After the completion of the above experiment, we changed the environment and then performed the test of restore mapping according to the experimental design. The results are shown in
Figure 12.
Figure 12 shows the restore mapping status after the environment change.
Figure 12a is an RGB frame during mapping, and the image shows that the system has detected the newly added features of the person and the chair. The element data of the map marked by the red box at the bottom of the image has changed significantly. The number of map points continues to increase, but the number of key frames dropped sharply, which is because the environment has changed and the system is continuously updating keyframes.
Figure 11b,c are the top view and side view of the map after completion of the construction, respectively. The image shows that some new map points were added in the blank area in
Figure 11c that are consistent with the environmental changes, and the outline of the person sitting on the chair (near the side of the camera) can be found in the side view. In addition, in contrast to
Figure 11c, the new mapping trajectory also changed according to the movement of the robot.
The analysis of the above experimental results shows that the method proposed in this paper can continue to construct the changing part of the environment after a change in the environment, so as to be applicable to the new environmental structure. In other words, the method proposed in this paper has strong robustness against changes to the environment.

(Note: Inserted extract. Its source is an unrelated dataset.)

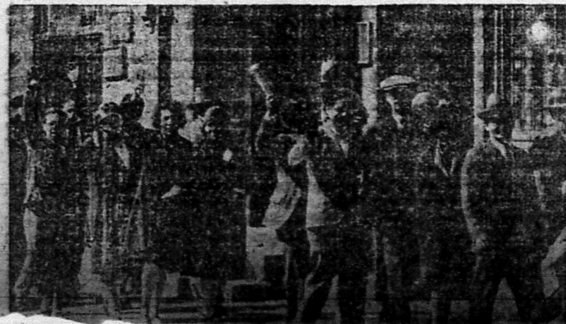
Photo shows women textile strikers side by side with men on picket line. Such mass picket lines are daily scenes in Lawrence, Mass., where 10,000 textile workers, under the leadership of the National Textile Workers Union, are on strike against speed-up and starvation wages.

6. Discussion and Conclusions
This paper proposed an improved ORB-SLAM2 system for improving the problems of the original system in terms of startup speed, tracking accuracy, and map reuse. Firstly, we proposed a binary-based vocabulary storage method to improve the startup speed of the ORB-SLAM2 system. Then, we proposed an improved vocabulary training algorithm to train small-scale vocabularies for specific environments for improving system location accuracy. Finally, we proposed the offline map construction method and the rapid relocation method of a robot, which enables the system to quickly restore the location tracking state based on an offline map, avoiding repeated mapping and changing the working mode of the original ORB-SLAM2 system. In addition, when the environment changes, the improved system is able to restore mapping to reconstruct the changing part of the environment. Through experiments and results analysis, we proved that the method proposed in this paper could achieve the expected goal, and the improved ORB-SLAM2 system can be better applied to mobile robots. However, the proposed methods in this paper also have limitations. Firstly, since we do not have much related research, the improved system cannot provide a dense point-cloud map. In addition, our Binary-based Vocabulary Storage method can provide a binary vocabulary for the system, but from the perspective of readability, this is not very user-friendly; thus, if researchers need to read vocabulary information directly, our method may not be applicable.
In future studies, we will focus on the rapid dense map construction of the visual SLAM and the semantic SLAM. We hope to promote the diversification of the functionality of the visual SLAM to match the complex task requirements of the intelligent mobile robot.